American writer (1940–1993)

Anne Spencer Lindbergh (October 2, 1940 – December 10, 1993) was an American writer, primarily of children's novels. She was a daughter of aviators/authors Charles Lindbergh and Anne Morrow Lindbergh.

== Biography ==
Anne Lindbergh was raised in Darien, Connecticut. After studying at Radcliffe College for three years, she moved to Paris to continue her education, studying at the Sorbonne. She met and married a fellow student there, Julien Feydy, who later became a political scientist and university professor. They had two children: a daughter Constance Feydy and a son Marek Sapieyevski. They later divorced.

She later married Jerzy Sapieyevski, a composer and conductor she met in Europe and with whom she moved to Washington. They also divorced. She was married to Noel Perrin, American essayist and a professor at Dartmouth College, at the time of her death.
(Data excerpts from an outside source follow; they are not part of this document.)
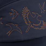 Окутанная глубоким полночным синим, как бездонное ночное небо, эта коляска несет на себе вышитую ласточку, символ надежды.
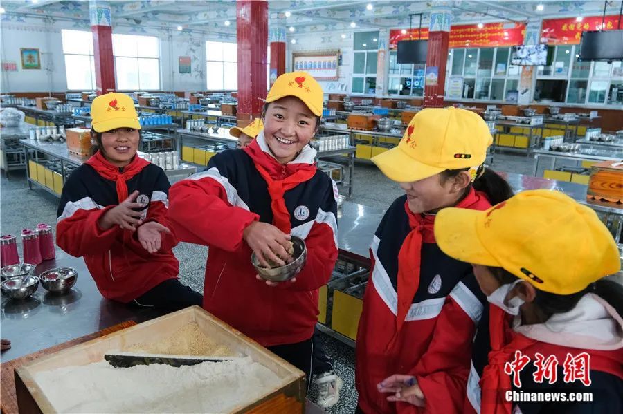 2023年10月13日,班戈县中石化小学六年级一班尼玛拉增(左二)在学校食堂捏糌粑,孩子们说她们的早餐便是以糌粑为主。图/中新社
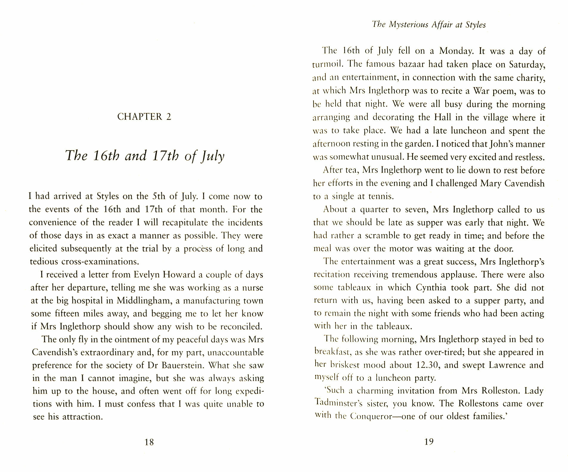 Captain Arthur Hastings is invited to the rolling country estate of Styles to recuperate from injuries sustained at the Front.
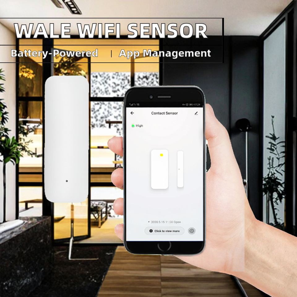 Détecteur de mouvement magnétique Wi-Fi sans fil pour usage hôtelier, alimenté par piles, design barre, en plastique, alarme universelle pour porte/fenêtre
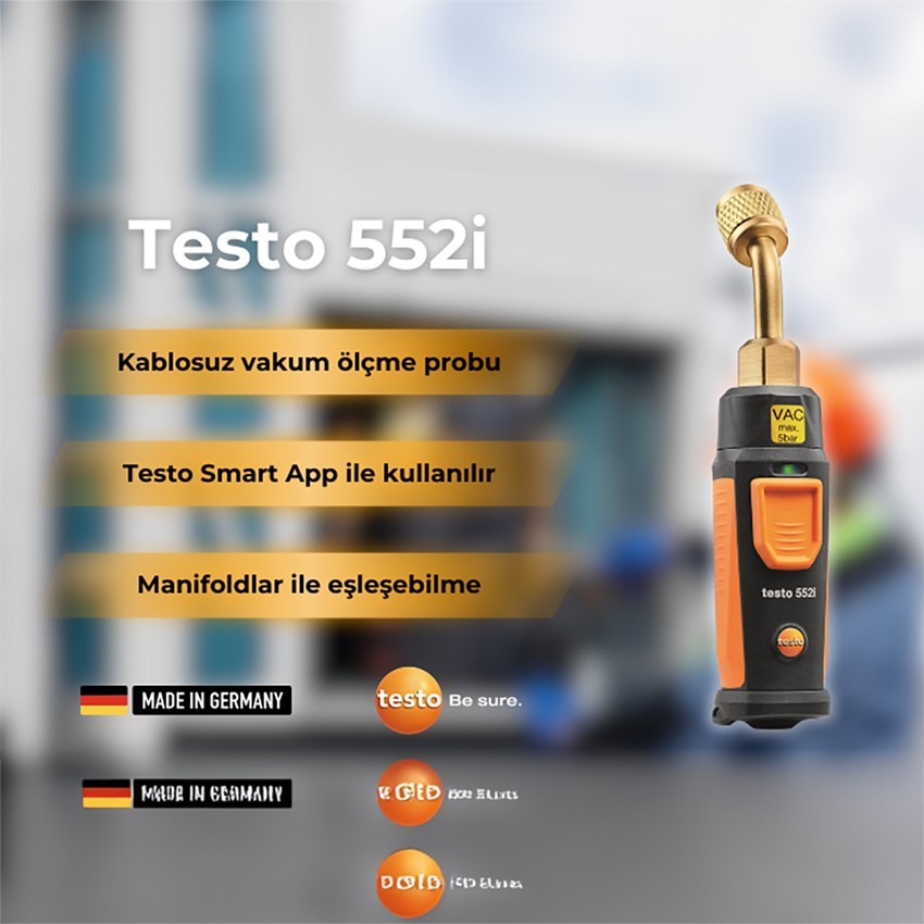Testo 552i uygulama kontrollü kablosuz vakum probu; vakum ölçümünü kablosuz ve hortumsuz olarak ve tek bir servis portu üzerinden, akıllı telefonunuz üzerindeki Testo Smart App uygulaması ile yapabilen ölçüm cihazıdır.
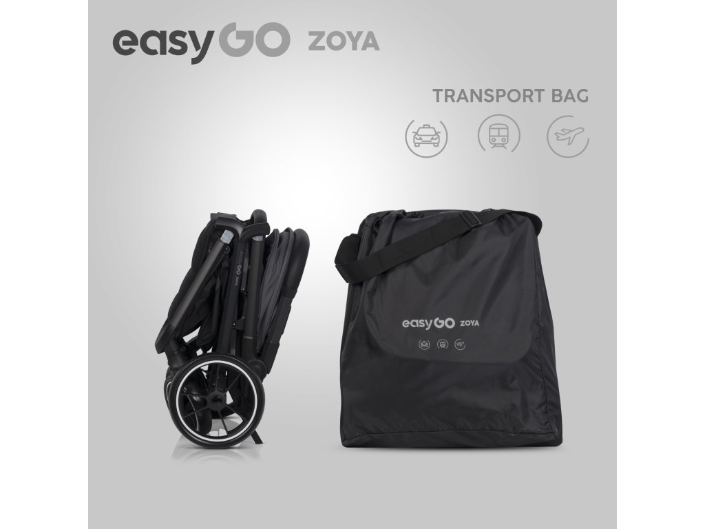 Ke kočárku EASYGO ZOYA lze dokoupit stylovou taškou, která se připevňuje k rukojeti kočárku a má další ramenní popruh. Taška je vyrobena ze stejné látky jako kočárek, takže je perfektním doplňkem. Taška je vyztužená a její dno je vyrobeno z ekokůže odolné vůči skvrnám. Má vnitřní i vnější kapsy.
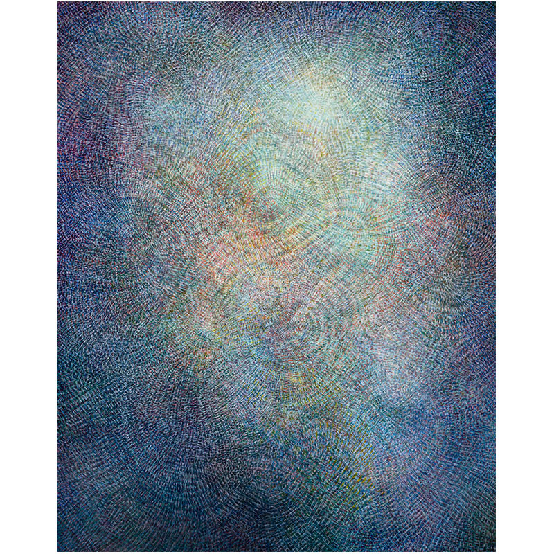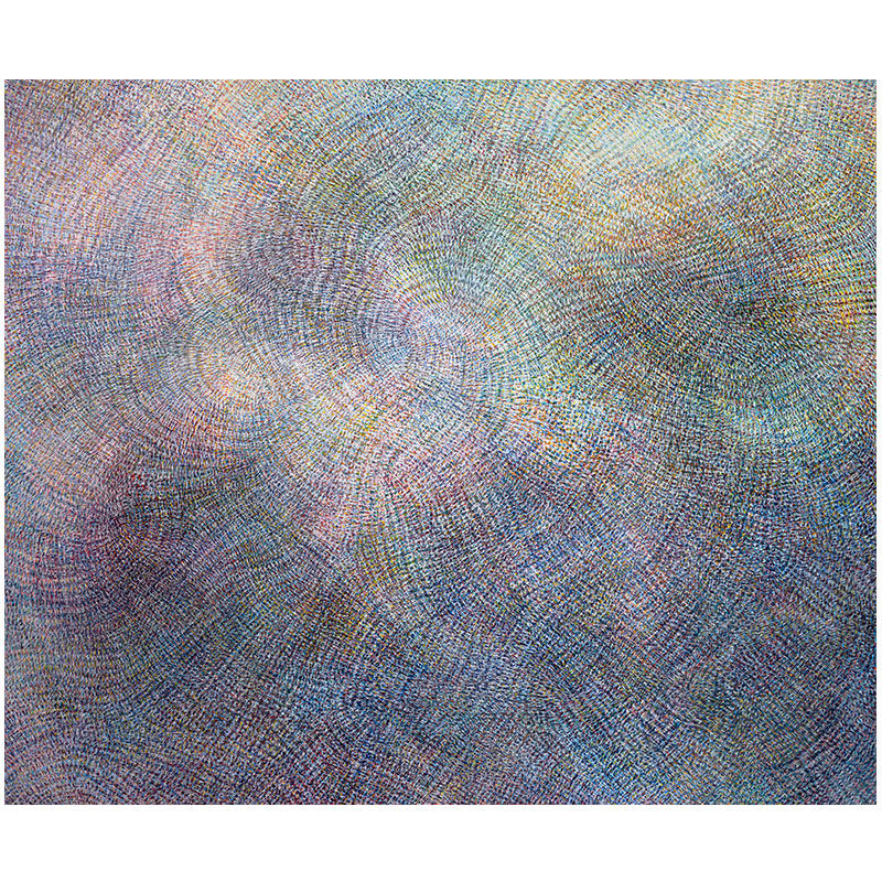 Park’s unique approach to representation and the inclusion of energy fields and multidimensional perspective enliven his subject matter. In his new series, any hint of realism becomes entirely unrecognizable through tiny dotted marks and layered swirling patterns. The exhibition title Starling metaphorically connects Park’s active gestures to bird “murmurations,” a phenomenon of shape-shifting avian flocks that move in rapid bursts of synchronicity. Park’s latest series share visual similarities with this natural wonder, with thousands of painted lines vibrating and expanding like living organisms.

They lived together in Thetford Center, Vermont.

Anne Lindbergh wrote numerous books, most of them for children.

Anne Lindbergh died of cancer in 1993 at her home in Thetford Center, Vermont, at the age of 53.

== Personal life ==
Anne Lindbergh's eldest brother, Charles Augustus Lindbergh Jr., the first of six children born to Charles and Anne Lindbergh, died in the 1932 Lindbergh kidnapping — what many termed at the time "the crime of the century". Anne's other Lindbergh siblings are aquanaut Jon Lindbergh (1932–2021), Land Morrow Lindbergh (born 1937), conservationist Scott Lindbergh (born 1942), and Reeve Lindbergh (born 1945).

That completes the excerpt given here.